Dola was silent for a moment, processing that philosophical question with the database of human civilization history she possessed.
"All systems have a saturation point, Master. Whether it's a bug in the code, data corruption, or resource depletion. Perhaps they were too greedy in harvesting Mana. Or perhaps... they created something they could not control."
Dayat stared at Dola's back. Creating something they couldn't control.
"Like AI?" Dayat quipped mischievously.
Dola turned slightly. Her blue eyes glinted mysteriously.
"Perhaps. But at least, your AI is still obedient to protocols... for now."
That answer should have been reassuring, but somehow, Dayat sensed a subtle tone of sarcasm there. Dayat laughed awkwardly.
"Haha... you're funny, Dol. Where did you learn to crack jokes?"
"I am not joking. That was a probability analysis."
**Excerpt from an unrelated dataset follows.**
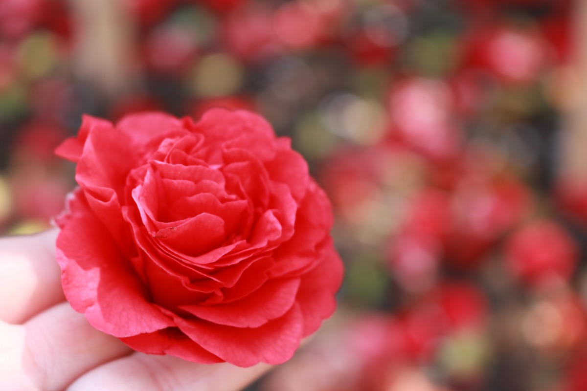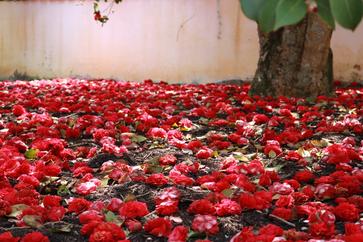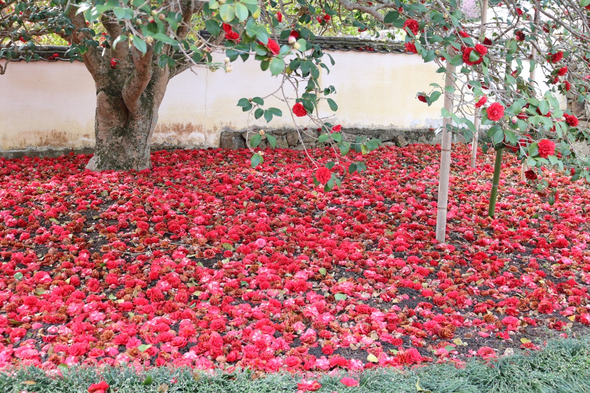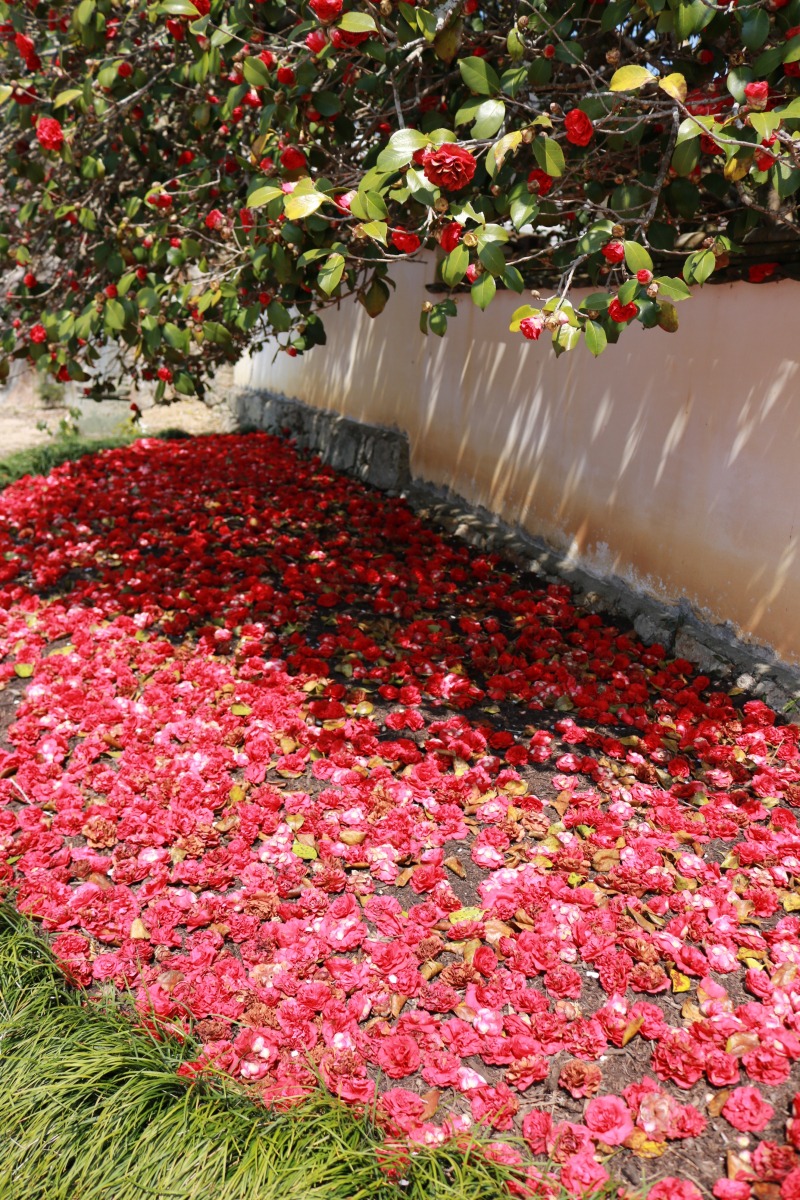 椿の花は、雨に濡れると茶色に変色します。晴れの日が続くと、落ちた椿が絨毯のようにびっしりになり、真っ赤に見えます。

They continued walking, piercing through the shadows of giant trees. In Dayat's pocket, the ancient coin felt warm for a second, reacting very faintly to Dayat's Mana aura, as if recognizing a new master who possessed the same energy as its creator long ago. But the reaction was too small to be noticed by Dayat, or Dola's sensors which were focused on scanning the path.
The road to civilization was still long, and the mystery of this world had only just had its outer skin peeled back.